Finally, it is possible to know the number of reals in a vector register via the SimdReal::BLOCK_SIZE constant. This allows, for example, iterating over the elements of a vector register:

using namespace Arcane;
SimdReal3 vr;
for( Integer i=0, n=SimdReal::BLOCK_SIZE; i<n; ++i ){
  Real3 r = vr[i];
  info() << " R [" << i << "] = " << r;
}

Alignment Management

In general, and this is the case for x64 processors, using vectorization requires that the data in memory be aligned in a more restrictive way than for scalar types. For SSE, AVX, and AVX512, the minimum alignment is equal to the byte size of the Simd vector.

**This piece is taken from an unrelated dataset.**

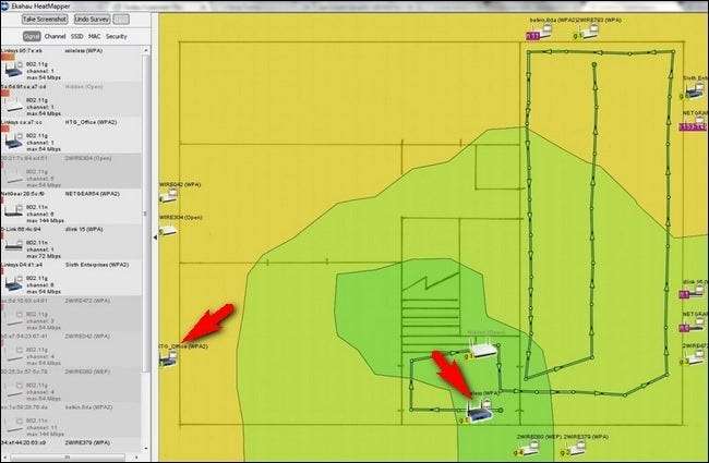 Men når vi var færdige med at gå hele kortet, lokaliserede HeatMapper placeringen af de to adgangspunkter på vores kontor med uhyggelig præcision. Se på de røde pile på kortet nedenfor:

So, for example, for AVX with 256-bit vectors, which is 32 bytes, the minimum alignment is 32 bytes. To simplify vectorization, Arcane guarantees that the following types have the desired minimum alignment for vectorization:

the localIds() of Arcane::ItemGroup.
the data of array and scalar variables on the mesh.
the data of 2D array variables and array variables on the mesh. Note that for the latter, the start of the array is aligned, but if the first dimension is not a multiple of the vector size, the subsequent elements will not be aligned because there is no padding management yet).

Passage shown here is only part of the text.